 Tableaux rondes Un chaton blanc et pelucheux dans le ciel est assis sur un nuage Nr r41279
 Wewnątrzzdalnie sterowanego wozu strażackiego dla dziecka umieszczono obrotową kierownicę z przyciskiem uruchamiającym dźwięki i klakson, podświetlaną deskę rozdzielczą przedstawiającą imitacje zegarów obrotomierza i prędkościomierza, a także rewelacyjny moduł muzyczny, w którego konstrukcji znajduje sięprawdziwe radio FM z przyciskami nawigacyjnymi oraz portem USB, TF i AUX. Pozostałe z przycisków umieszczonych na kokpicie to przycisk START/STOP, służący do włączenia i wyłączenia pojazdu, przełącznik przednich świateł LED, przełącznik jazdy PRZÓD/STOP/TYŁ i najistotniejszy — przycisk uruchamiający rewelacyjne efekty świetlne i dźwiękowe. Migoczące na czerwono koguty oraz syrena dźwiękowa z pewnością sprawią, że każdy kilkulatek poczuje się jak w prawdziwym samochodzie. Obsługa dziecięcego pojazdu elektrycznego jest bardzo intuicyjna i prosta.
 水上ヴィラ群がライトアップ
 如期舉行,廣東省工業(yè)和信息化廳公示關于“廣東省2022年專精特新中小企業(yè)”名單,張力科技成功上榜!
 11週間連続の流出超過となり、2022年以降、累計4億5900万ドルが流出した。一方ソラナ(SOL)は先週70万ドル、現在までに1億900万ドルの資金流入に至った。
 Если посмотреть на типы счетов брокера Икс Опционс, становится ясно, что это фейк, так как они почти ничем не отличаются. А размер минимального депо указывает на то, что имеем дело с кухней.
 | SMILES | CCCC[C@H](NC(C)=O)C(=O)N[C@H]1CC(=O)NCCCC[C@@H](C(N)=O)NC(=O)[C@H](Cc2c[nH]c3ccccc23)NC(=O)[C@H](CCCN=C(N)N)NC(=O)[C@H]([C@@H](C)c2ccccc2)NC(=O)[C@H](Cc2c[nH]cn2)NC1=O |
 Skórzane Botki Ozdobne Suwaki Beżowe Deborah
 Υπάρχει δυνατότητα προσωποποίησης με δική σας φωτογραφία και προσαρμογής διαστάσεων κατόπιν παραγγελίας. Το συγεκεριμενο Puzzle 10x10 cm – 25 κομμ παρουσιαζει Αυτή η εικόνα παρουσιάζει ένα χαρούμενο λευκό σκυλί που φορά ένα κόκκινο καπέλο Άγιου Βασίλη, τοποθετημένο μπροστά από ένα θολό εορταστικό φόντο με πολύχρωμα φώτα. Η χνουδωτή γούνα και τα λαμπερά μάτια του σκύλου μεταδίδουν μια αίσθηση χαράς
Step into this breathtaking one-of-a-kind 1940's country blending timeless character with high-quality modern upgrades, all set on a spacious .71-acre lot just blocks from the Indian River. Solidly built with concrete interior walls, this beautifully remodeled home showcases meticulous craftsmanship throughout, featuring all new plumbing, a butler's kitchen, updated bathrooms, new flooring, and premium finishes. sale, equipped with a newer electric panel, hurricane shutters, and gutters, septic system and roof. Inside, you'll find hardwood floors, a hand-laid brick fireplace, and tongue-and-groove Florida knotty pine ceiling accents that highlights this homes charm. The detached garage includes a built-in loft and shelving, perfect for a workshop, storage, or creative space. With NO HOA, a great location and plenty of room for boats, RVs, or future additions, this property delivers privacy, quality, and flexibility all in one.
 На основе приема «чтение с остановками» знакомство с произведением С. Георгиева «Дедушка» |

■ **WORK TASK**:
Word for word, write out each entry shown above.

■ **REPLY TO THE EXERCISE**:
 Tableaux rondes Un chaton blanc et pelucheux dans le ciel est assis sur un nuage Nr r41279
 Wewnątrzzdalnie sterowanego wozu strażackiego dla dziecka umieszczono obrotową kierownicę z przyciskiem uruchamiającym dźwięki i klakson, podświetlaną deskę rozdzielczą przedstawiającą imitacje zegarów obrotomierza i prędkościomierza, a także rewelacyjny moduł muzyczny, w którego konstrukcji znajduje sięprawdziwe radio FM z przyciskami nawigacyjnymi oraz portem USB, TF i AUX. Pozostałe z przycisków umieszczonych na kokpicie to przycisk START/STOP, służący do włączenia i wyłączenia pojazdu, przełącznik przednich świateł LED, przełącznik jazdy PRZÓD/STOP/TYŁ i najistotniejszy — przycisk uruchamiający rewelacyjne efekty świetlne i dźwiękowe. Migoczące na czerwono koguty oraz syrena dźwiękowa z pewnością sprawią, że każdy kilkulatek poczuje się jak w prawdziwym samochodzie. Obsługa dziecięcego pojazdu elektrycznego jest bardzo intuicyjna i prosta.
 水上ヴィラ群がライトアップ
 如期舉行,廣東省工業(yè)和信息化廳公示關于“廣東省2022年專精特新中小企業(yè)”名單,張力科技成功上榜!
 11週間連続の流出超過となり、2022年以降、累計4億5900万ドルが流出した。一方ソラナ(SOL)は先週70万ドル、現在までに1億900万ドルの資金流入に至った。
 Если посмотреть на типы счетов брокера Икс Опционс, становится ясно, что это фейк, так как они почти ничем не отличаются. А размер минимального депо указывает на то, что имеем дело с кухней.
 | SMILES | CCCC[C@H](NC(C)=O)C(=O)N[C@H]1CC(=O)NCCCC[C@@H](C(N)=O)NC(=O)[C@H](Cc2c[nH]c3ccccc23)NC(=O)[C@H](CCCN=C(N)N)NC(=O)[C@H]([C@@H](C)c2ccccc2)NC(=O)[C@H](Cc2c[nH]cn2)NC1=O |
 Skórzane Botki Ozdobne Suwaki Beżowe Deborah
 Υπάρχει δυνατότητα προσωποποίησης με δική σας φωτογραφία και προσαρμογής διαστάσεων κατόπιν παραγγελίας. Το συγεκεριμενο Puzzle 10x10 cm – 25 κομμ παρουσιαζει Αυτή η εικόνα παρουσιάζει ένα χαρούμενο λευκό σκυλί που φορά ένα κόκκινο καπέλο Άγιου Βασίλη, τοποθετημένο μπροστά από ένα θολό εορταστικό φόντο με πολύχρωμα φώτα. Η χνουδωτή γούνα και τα λαμπερά μάτια του σκύλου μεταδίδουν μια αίσθηση χαράς
Step into this breathtaking one-of-a-kind 1940's country blending timeless character with high-quality modern upgrades, all set on a spacious .71-acre lot just blocks from the Indian River. Solidly built with concrete interior walls, this beautifully remodeled home showcases meticulous craftsmanship throughout, featuring all new plumbing, a butler's kitchen, updated bathrooms, new flooring, and premium finishes. sale, equipped with a newer electric panel, hurricane shutters, and gutters, septic system and roof. Inside, you'll find hardwood floors, a hand-laid brick fireplace, and tongue-and-groove Florida knotty pine ceiling accents that highlights this homes charm. The detached garage includes a built-in loft and shelving, perfect for a workshop, storage, or creative space. With NO HOA, a great location and plenty of room for boats, RVs, or future additions, this property delivers privacy, quality, and flexibility all in one.
 На основе приема «чтение с остановками» знакомство с произведением С. Георгиева «Дедушка» |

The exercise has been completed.